Grinstein died last week at 87. Not surprisingly, her private memorial reception on Friday afternoon at the Grinstein family home was no small affair. Nearly 500 people — artists, collectors, curators and museum directors, among them — gathered to celebrate the notable architect’s life and to pay one last homage to the storied home itself, to which so many in attendance had intimate ties.

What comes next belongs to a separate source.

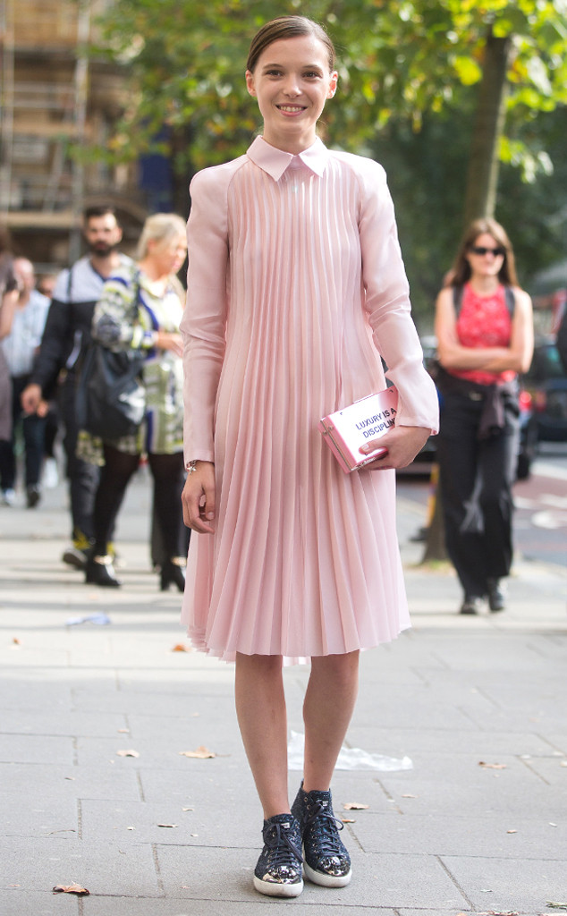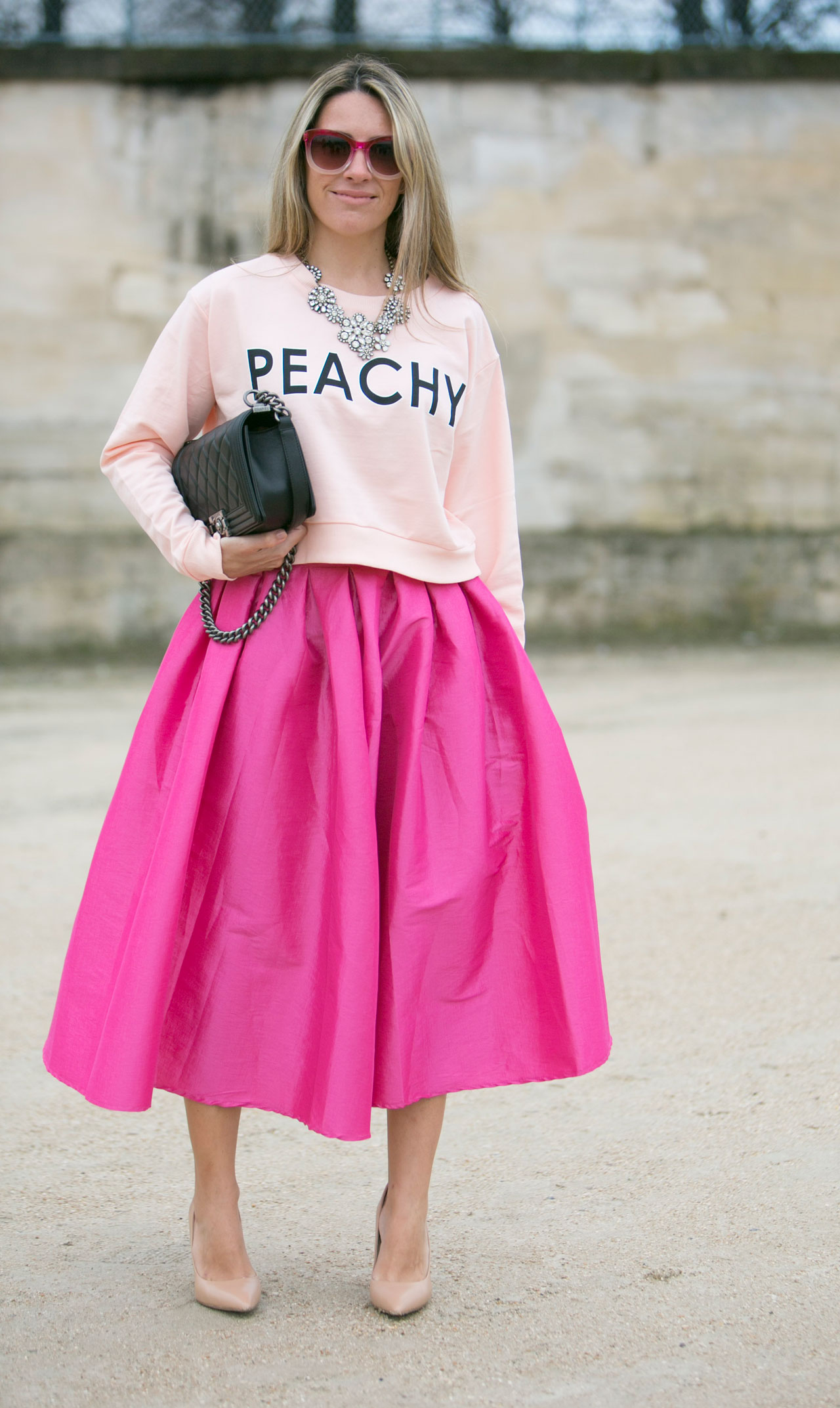 粉紅色洋裝是最佳入門款,搭配一雙帆布鞋,會顯得相當可愛。另外,如果覺得整身粉紅色穿出去會太害羞,可以選擇不同材質的粉紅色單品來搭配,例如粉紅色針織衫加上粉紅色蕾絲及膝裙,不同材質、不同深淺,就會顯得很有層次。
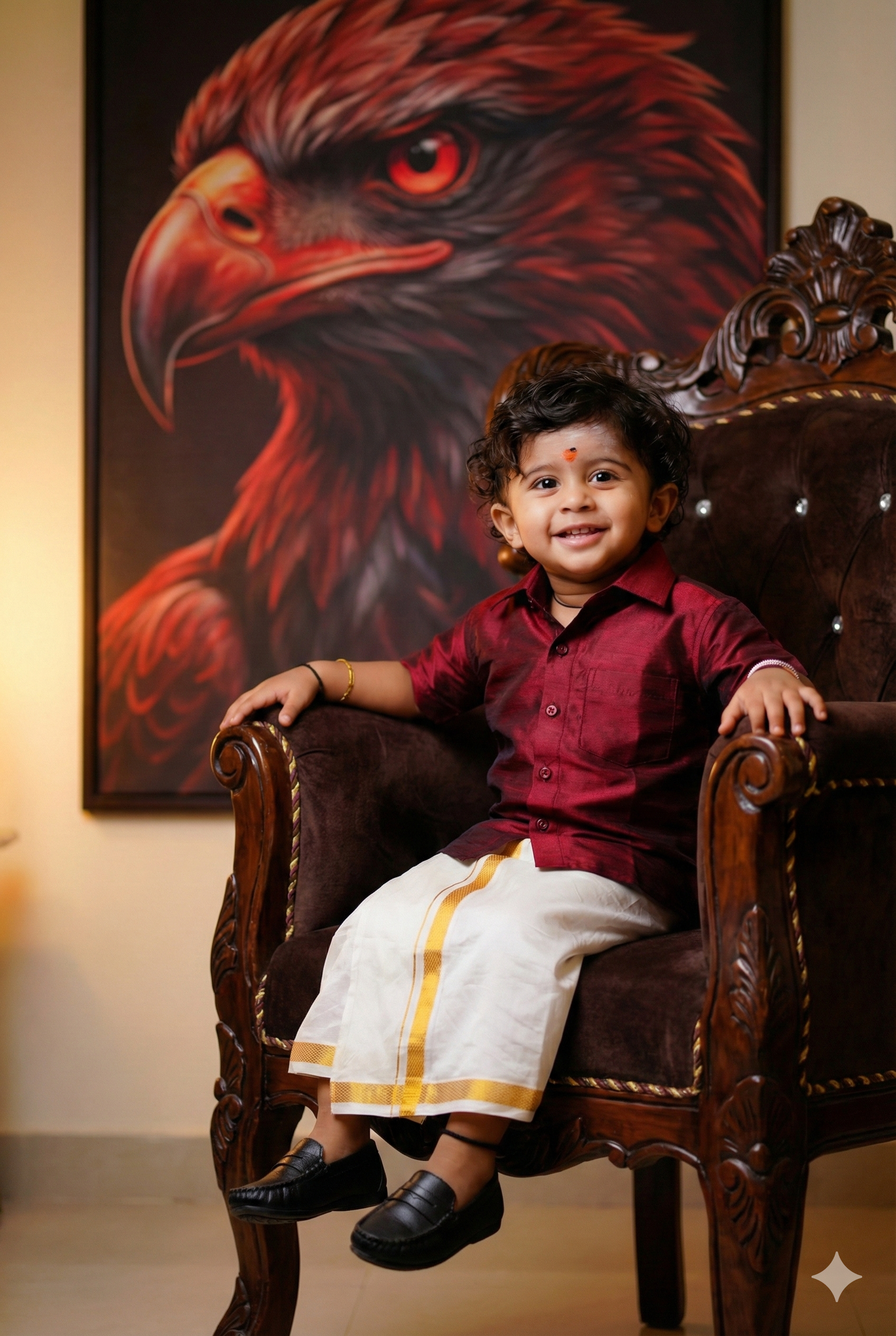 Create an 8K resolution photo of a 4-year-old boy wearing a maroon shirt, a white dhoti with a golden border, and black loafers, sitting comfortably on a king’s chair. He is smiling, and there is a large, artistic picture of a red and black eagle’s head with glowing eyes in the background, along with some soft, warm lighting effects. The camera angle should be from the left.

“I met my wife right here,” said Berlant, standing by his 1966 sculptural installation “The House.” The metal-and-enamel piece, which looks like a child’s A-frame playhouse, “has been sitting in that same spot by the stairs for 30 years,” joked artist Chuck Arnoldi, passing by. Berlant shrugged, continuing his story. “I was standing here. She came up and said: ‘Wow, they must have a pretty big dog!’ ” “I said: ‘This is my sculpture.’ ”

Land artist Lita Albuquerque and her husband, Carey Peck, were married in the Grinstein home 26 years ago. “It was right here,” Albuquerque said heading out to the backyard, where cocktail tables dotted the grassy lawn and bartenders doled out generous pours of champagne. “Super Bowl Sunday 1990, about 200 people,” she said, planting herself by the sparkling, kidney-bean-shaped pool. “Why’d we decide to get married here again?” she asked Peck. “Because it was the coolest house in town,” he said.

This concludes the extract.